* _Exercise data_
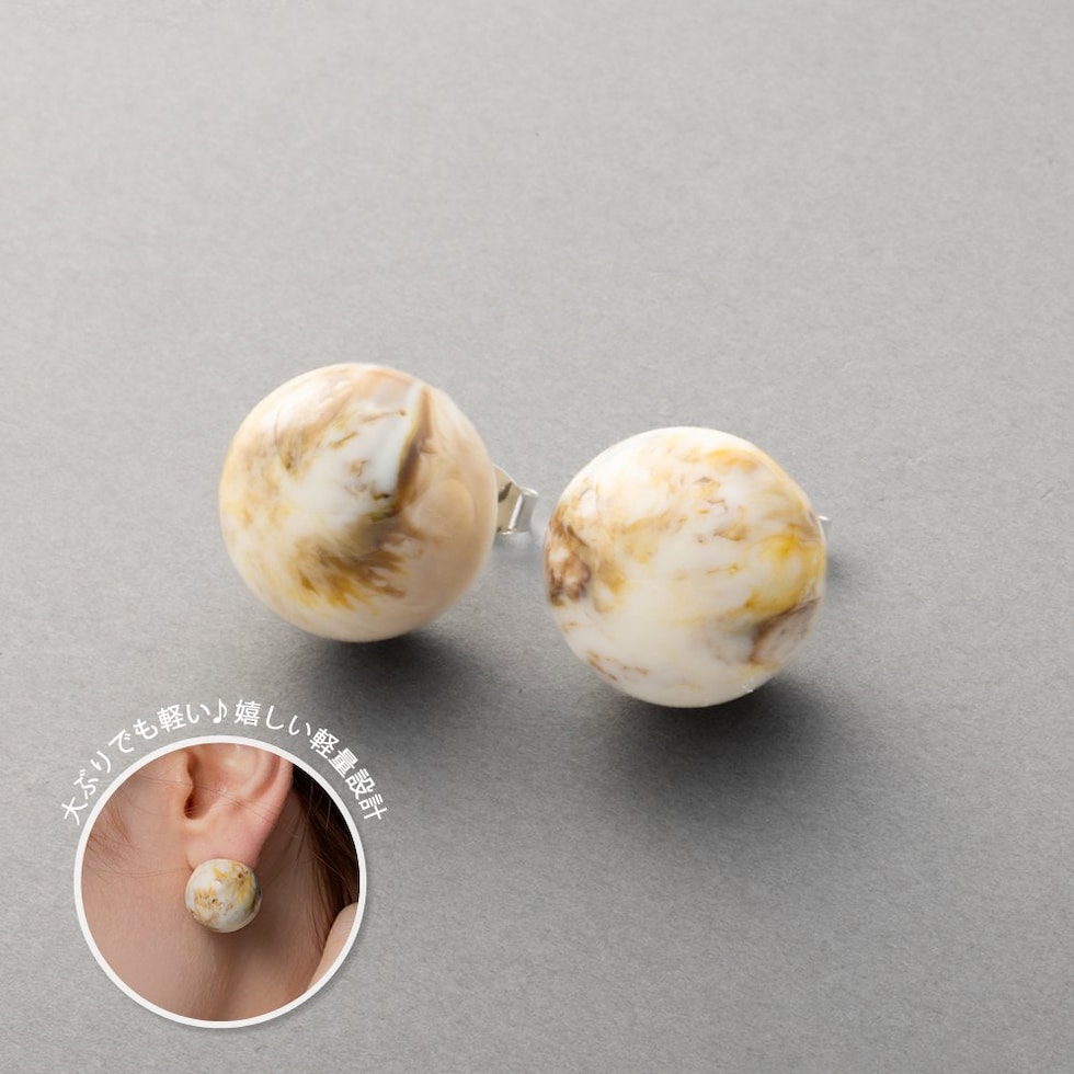 ピアス レディース マーブル スフィア ホマイカ 色 軽量 大きめ ブラウン cream dot ゆうパケット [ブラウン_ピアス]
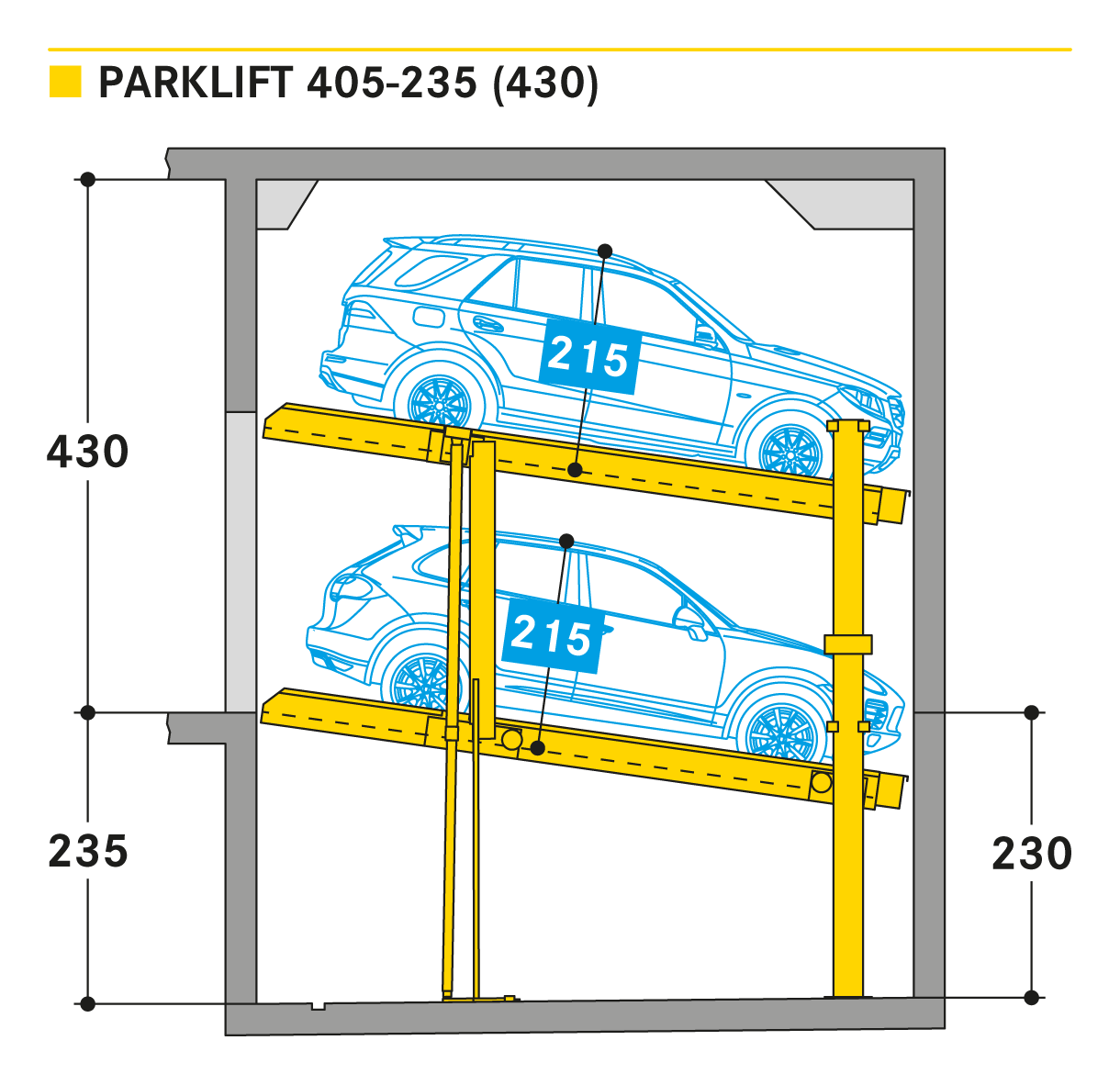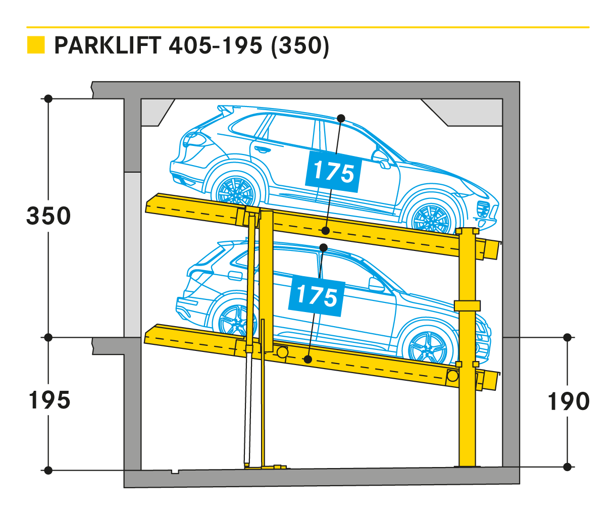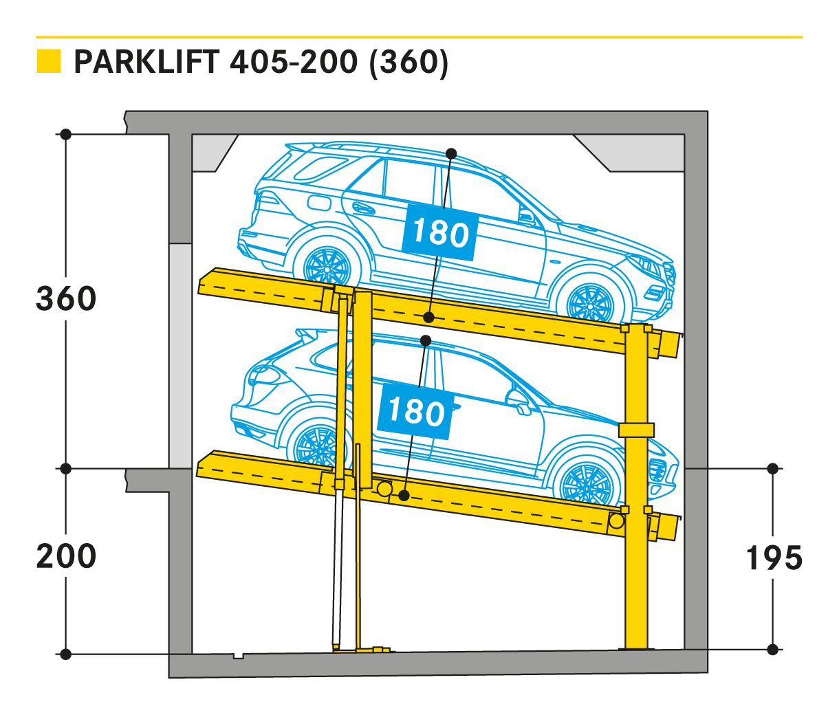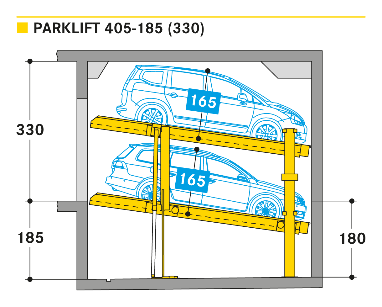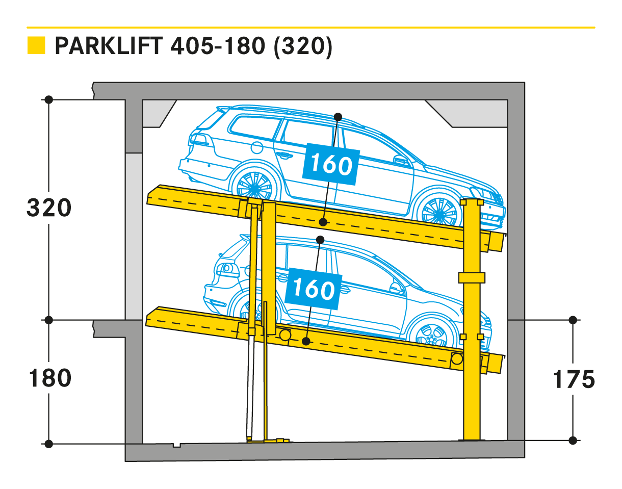 Parklift 405 jest oferowany z takimi samymi rozwiązaniami jak Parklift 450, a dodatkowo ma jeszcze jedną zaletę: przy jeszcze niższej wysokości sufitu można zaparkować takie same wymiary pojazdu jak w Parklift 450. Dolna platforma parkingowa jest pochylona. W odpowiedzi na rosnące wymiary pojazdu i zmniejszające się wymiary dostepnej przestrzeni garażowej - dolna platforma jest pochylona z nachyleniem 14%. Górna platforma ma minimalne nachylenie 2%, co służy do odwodnienia górnego miejsca parkingowego. Pojedyncze urządzenie przeznaczone jest dla 2 samochodów, urządzenie podwójne dla 4 samochodów.
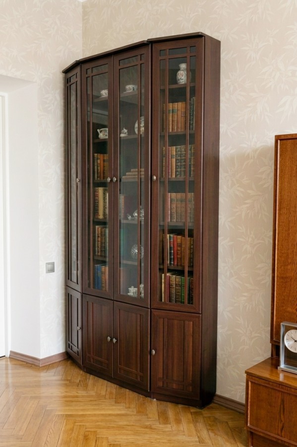 Тонированное стекло защищает книги от вредного воздействия солнечных лучей и убережет их от пожелтения. Книжный шкаф обязательно крепится к стене за подвесы и межсекционной стяжкой с другими шкафами в наборе. Библиотека выпускается без выборки под плинтус, чтобы каждый мог прирезать плинтус индивидуально. В противном случае остаются неаккуратные зазоры между модулем и стеной.

* _Problem_
Please set down every line of the listing verbatim, excluding its pictures.

* _Written answer_
 ピアス レディース マーブル スフィア ホマイカ 色 軽量 大きめ ブラウン cream dot ゆうパケット [ブラウン_ピアス]
 Parklift 405 jest oferowany z takimi samymi rozwiązaniami jak Parklift 450, a dodatkowo ma jeszcze jedną zaletę: przy jeszcze niższej wysokości sufitu można zaparkować takie same wymiary pojazdu jak w Parklift 450. Dolna platforma parkingowa jest pochylona. W odpowiedzi na rosnące wymiary pojazdu i zmniejszające się wymiary dostepnej przestrzeni garażowej - dolna platforma jest pochylona z nachyleniem 14%. Górna platforma ma minimalne nachylenie 2%, co służy do odwodnienia górnego miejsca parkingowego. Pojedyncze urządzenie przeznaczone jest dla 2 samochodów, urządzenie podwójne dla 4 samochodów.
 Тонированное стекло защищает книги от вредного воздействия солнечных лучей и убережет их от пожелтения. Книжный шкаф обязательно крепится к стене за подвесы и межсекционной стяжкой с другими шкафами в наборе. Библиотека выпускается без выборки под плинтус, чтобы каждый мог прирезать плинтус индивидуально. В противном случае остаются неаккуратные зазоры между модулем и стеной.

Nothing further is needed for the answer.